The Hall findings essentially provide empirical hour-counts for the transitions between Dunbar’s layers. Moving someone from the outer “acquaintance” layer into the “casual friend” layer takes about 50 hours. Moving them into the “friend” layer takes about 90. Moving them into the inner “close friend” layer takes more than 200. The inner-most “intimate” layer, which Hall did not directly measure, presumably takes substantially more again. The cumulative time investment required to maintain a full Dunbar network — five intimates, fifteen close friends, fifty friends, 150 acquaintances — is large enough that most adults do not, in practice, maintain the full set. They keep some inner layers full at the expense of others, drop the outer layers entirely, or live with sparser social networks than the evolutionary architecture of the brain is designed for.
What this implies for new adult friendships
Hall has been careful in subsequent interviews not to make the hour-counts prescriptive. The 50/90/200 figures are statistical thresholds derived from population-level analysis, not contractual requirements that every individual friendship must meet. Some friendships consolidate faster, particularly when both parties have strong shared interests, are in a high-intensity context together (a wilderness trek, a startup, a long-distance move), or simply find each other unusually compatible. Others take longer. The figures describe the average trajectory rather than a fixed path.

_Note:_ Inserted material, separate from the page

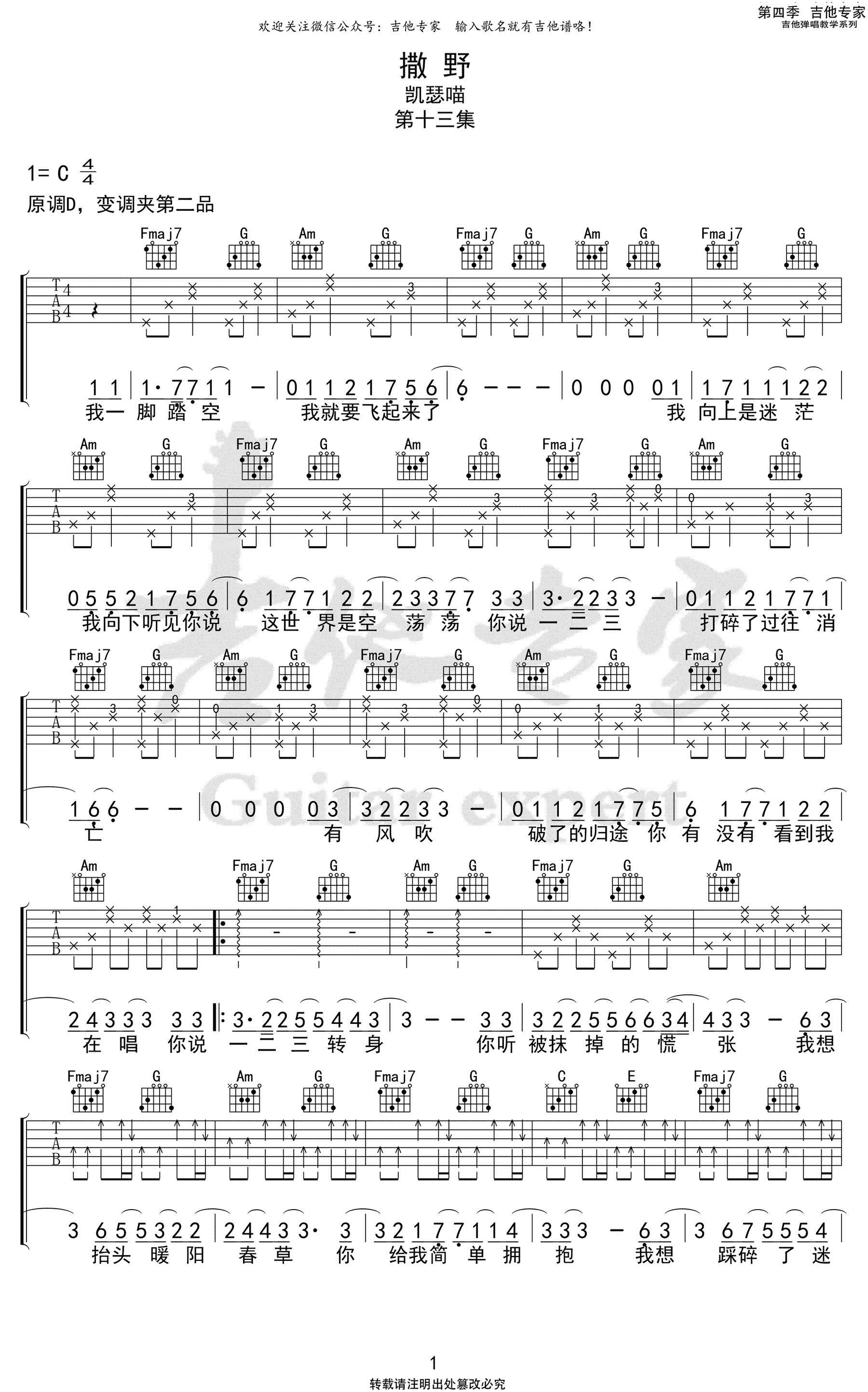 《撒野》吉他谱 C调弹唱谱_凯瑟喵_吉他专家制谱

What the figures clearly establish is that friendship is not a matter of compatibility alone. It is a matter of compatibility plus cumulative time. Two adults who like each other immediately and would, with sufficient time, become close friends will not actually become close friends if they cannot find 200 hours to be together over a reasonable period. The compatibility is necessary but not sufficient. The time is necessary too, and the time is what most adult lives are short on. The Hall study is in this sense more diagnostic than prescriptive — an explanation of why adult friendship is hard rather than a recipe for making it easier. The recipe, to the extent the data supports one, is straightforward and difficult: find people you like, then spend an unreasonably large number of hours with them, doing things you both enjoy, over a period of months. Hall’s own summary in the original 2018 announcement was succinct. “We have to put that time in,” he said. “You can’t snap your fingers and make a friend.”